Zu einem gemeinsamen Frühstück mit dem Wahlkreiskandidaten der Union für die Bundestagswahl am 24. September, Oswin Veith MdB, konnte die Vorsitzende der Wetterauer Frauen Union, Jutta Heck kürzlich rund 70 Gäste im Restaurant Ducky's in Bad Nauheim begrüßen, u.a. auch die Kreisvorsitzende der Wetterauer CDU Lucia Puttrich, Staatsministerin für Bundes- und Europaangelegenheiten sowie den Vorsitzenden des CDU-Stadtverbandes Alexander von Bischoffshausen.

„Seit vier Jahren befasst sich Oswin Veith, der u.a. auch Präsident des Reservistenverbandes der Deutschen Bundeswehr ist, mit dem Thema Innere Sicherheit im Innen- und Verteidigungsausschuss des Deutschen Bundestages in Berlin und hat es zu seinem Hauptanliegen gemacht", so Heck in ihrer Begrüßungsrede. „So lautet konsequenterweise sein Wahlkampfslogan: Mit Sicherheit – Oswin Veith“.

Justizministerin Eva Kühne-Hörmann gelte mittlerweile als Top-Expertin für das Thema „Innere Sicherheit“. Die Bild-Zeitung habe sie vor zwei Jahren sogar als eine Frau mit Weitblick bezeichnet, so Heck. Sie sei die erste Justizministerin gewesen, die bereits vor der Flüchtlingswelle ein Verbot der Dschihad-Reisen forderte.

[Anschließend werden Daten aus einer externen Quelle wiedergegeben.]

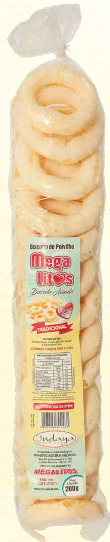
Biscoito de Polvilho Megalitos Tradicional 200g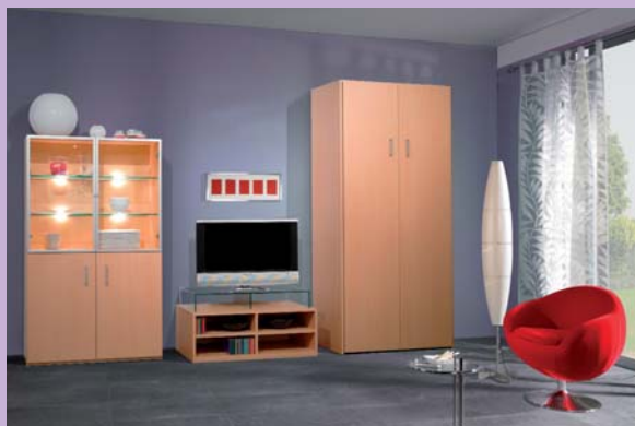
Ahorn Dessin maple melamine

Einlegeböden 19 mm stark wooden shelves behind doors 19 mm thick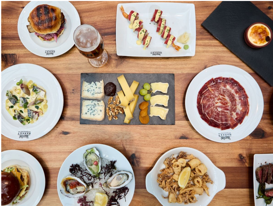
Mostra d'alguns dels tastets que hi ha al Time Out Market Barcelona.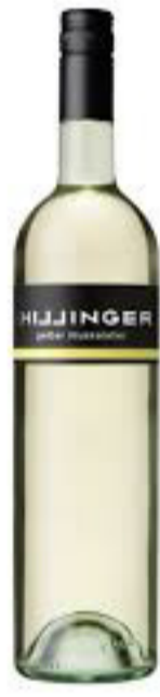
LEO HILLINGER GELBER MUSKATELLER Bílé víno suché 245 Kč / ks s DPH 0,75 l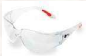
GAFA DE SEGURIDAD NARASPORT, LENTE CLARO, CON ANTIFOG. ANSI Z87.1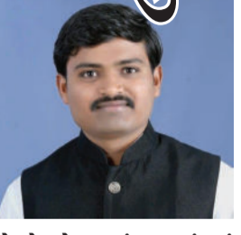
ઉભા પાકોમાં ખુબ જ મોટા સહિત અનેક વિસ્તારોમાં છેલ્લા ત્રણ દિવસથી રાત-દિવસ એકધારે વરસાદ વરસી રહ્યો છે, આ કમોસમી વરસાદને લીધે ખેડૂતોને મગફળી, કપાસ સહિત અનેક ઉભા પાકોમાં ખુબ જ મોટા પ્રમાણમાં નુકસાન થયું છે, તે આ બાબતે તાત્કાલિક ધોરણે સર્વે કરાવી ખેડૂતોને સહાય આપવી જોઈએ. તેમણે આ પત્રની નકલ કૃષિ મંત્રી જીતુભાઈ વાઘાણીને પણ મોકલી છે.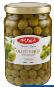
IPOSEA olive verdi denocciolate kg 1,6 sgocc g 800

In ihrer Rede beleuchtete Kühne-Hörmann Hintergründe und lieferte zahlreiche Argumente, weshalb sie sich beispielsweise für Videoüberwachung, Vorratsdaten-speicherung, den Kampf gegen Internetkriminalität sowie den Schutz vor Stalkern und die Anwendung von elektronischen Fußfesseln einsetze. Ferner sei sie der Überzeugung, dass Radikalisierung bereits am Bildschirm (Cyber-Dschihad) und nicht in den Moscheen erfolge. „Wir brauchen einen starken Staat, der sich auch als solcher präsentiert“, ist sie der festen Überzeugung und konstatierte: „Innere Sicherheit ist kein Selbstläufer.“

Oswin Veith pflichtete der hessischen Justizministerin bei und dankte ihr für ihr Bestreben das Land auf Bundesebene sicherer zu machen. Als Befürworter der Vorratsdatenspeicherung erläuterte er anschaulich, was die von vielen als kritisch erachtete Vorratsdatenspeicherung überhaupt bedeute. Letztlich gehe es darum, Daten, die ohnehin schon gespeichert seien, über einen längeren Zeitraum aufzubewahren. Denn jeder, der sich im Internet bewege oder ein Smartphone nutze, hinterlasse Spuren im World Wide Web.

Veith plädierte zudem für einen vermehrten Einsatz von Bundespolizisten, eine bessere Ausstattung der Sicherheitskräfte und Soldaten sowie einen besseren Schutz von Polizisten und Rettungskräften. Darüber hinaus ging er auf die Bekämpfung von Kriminalität und Terrorismus, wie z.B. durch ein härteres Vorgehen gegen Banden- und Schleuserkriminalität sowie Menschenhandel, ein. Auch eine schnellere Bearbeitung von Asylanträgen und Ausweisung von straffällig gewordenen Ausländern und nicht asylberechtigten Personen sei notwendig. „Politik muss verlässlich bleiben – auch in den kommenden Jahren“; sagte er im Hinblick auf die bevorstehende Bundestagswahl abschließend.

Staatsministerin Puttrich ist die Innere Sicherheit ebenfalls ein großes Anliegen und sie bedankte sich bei den beiden Rednern für ihren Einsatz und die Hartnäckigkeit, mit der sie an dem Thema Sicherheit arbeiten.